The Issues and Insights Editorial Board has decades of experience in journalism, commentary and public policy.

3 comments

  • After Colorado legalized in 2012 I watched the Colorado statistics on traffic accidents. The category that rose quickly afterward was pedestrian/automobile deaths. I have not looked at recent trends but last I looked Colorado had changed the way they organized a graph of this data in a way that people could misinterpret the trend as going down when it was actually rising.

    The surrounding states have also seen a variety of problems rise since Utah and Colorado legalized. It was wierd that proponents sold legalization by pointing out that legal drugs like alcohol and cigarettes present all sorts of social costs and criminal problems — yet weed was supposed to do the opposite.

  • More stoned people leads to more deadbeat people which leads to more crime. This has never truly been challenged as it is just simply how humans work.

  • I thought people stoned on marijuana were supposed to get too lethargic for crime (and work). That meth, crack and the stimulants were more linked to crime. Reason Foundation does have an interesting point: California’s anti-business high-costs and over-regulation do indeed give a large business/economic advantage to those who choose to stay illegal. Unfortunately, all we have is speculation. Many other factors driving up crime: Open Border with nations emptying their prisons and sending violent felons to USA; Democrat-blessed anti-fa running wild; Soros-backed Democrat DAs and AGs who are pro-criminal; California legalizing robbery under $950 per incident; just to name a few other factors. Until somehow designs a statistical study teasing out which factors are operative, can only speculate.

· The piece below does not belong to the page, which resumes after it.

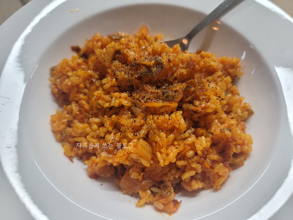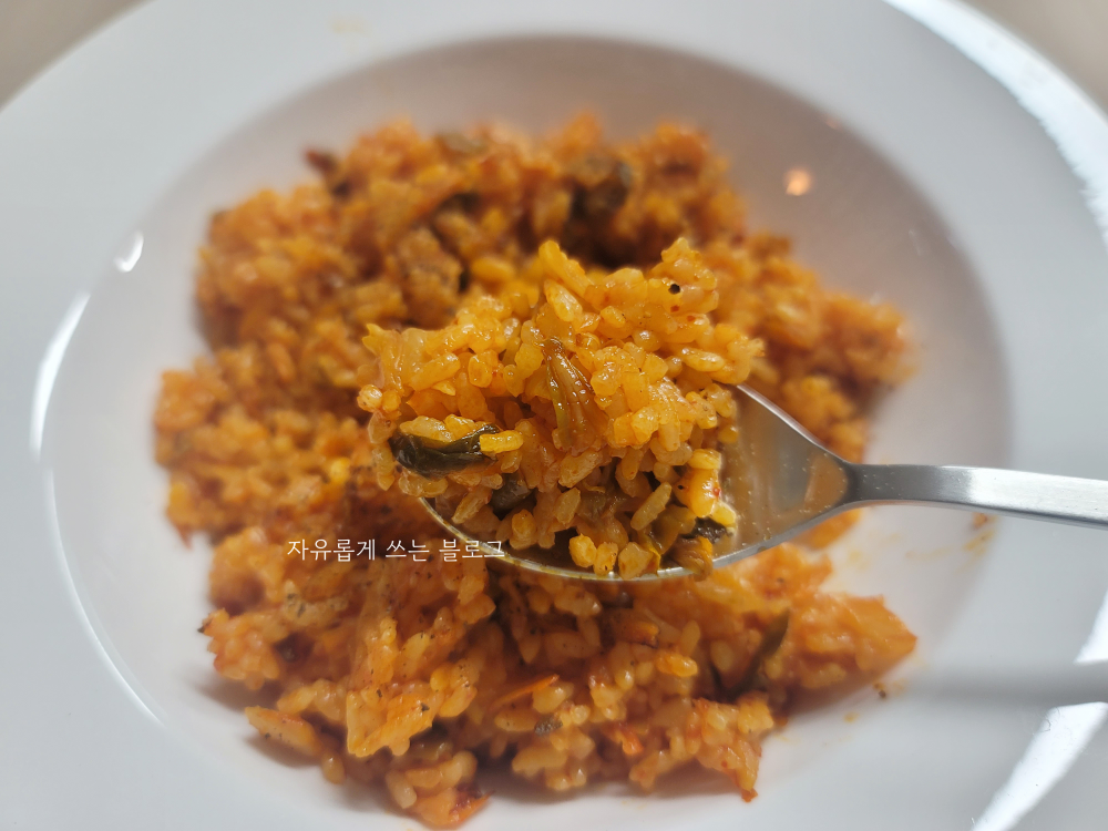 밥알은 고슬고슬하게 잘 볶아진 느낌이고, 중간중간 매콤 새콤한 김치가 아삭하게 씹히면서 맛을 더해줍니다.
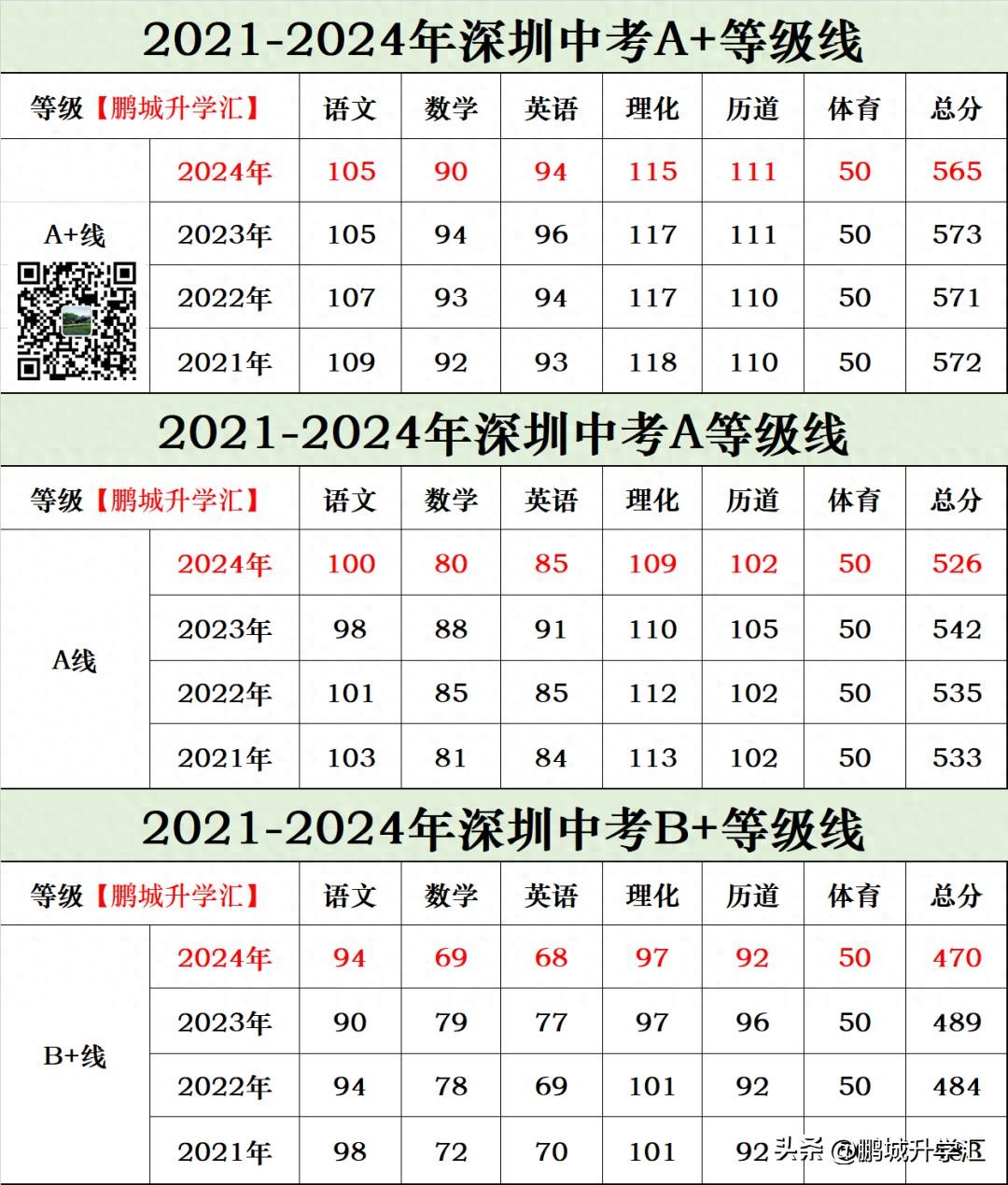 今天2024年深圳中考分数线出炉,从目前网上家长流传的信息可以看到今年的单科A+ A B+等级线相对于往年有不同程度的下降,之前网上流传各种2024年中考分数线的预测估计会打脸,从单科等级线下降来看,今年各公办高中录取分数线整体大概率下降,但不排除少数高中因为宣传热度和高考升学率持续上升而涨分!

    For California, would be interesting to have areas of the state without burdensome government regulation and costs to see if that reduced illegal and black-market pot growing and crime. What about high crime cities like Chicago, NYC, Detroit, Atlanta, Philly, etc., would be interesting to know if pot is legal and whether it made a difference. As long as Democrats are in power with Open Borders, Sanctuary Cities, defiance of ICE and in general running pro-crime cities, it will be a bull market for crime and a bear market for stocks, bonds and retirement funds.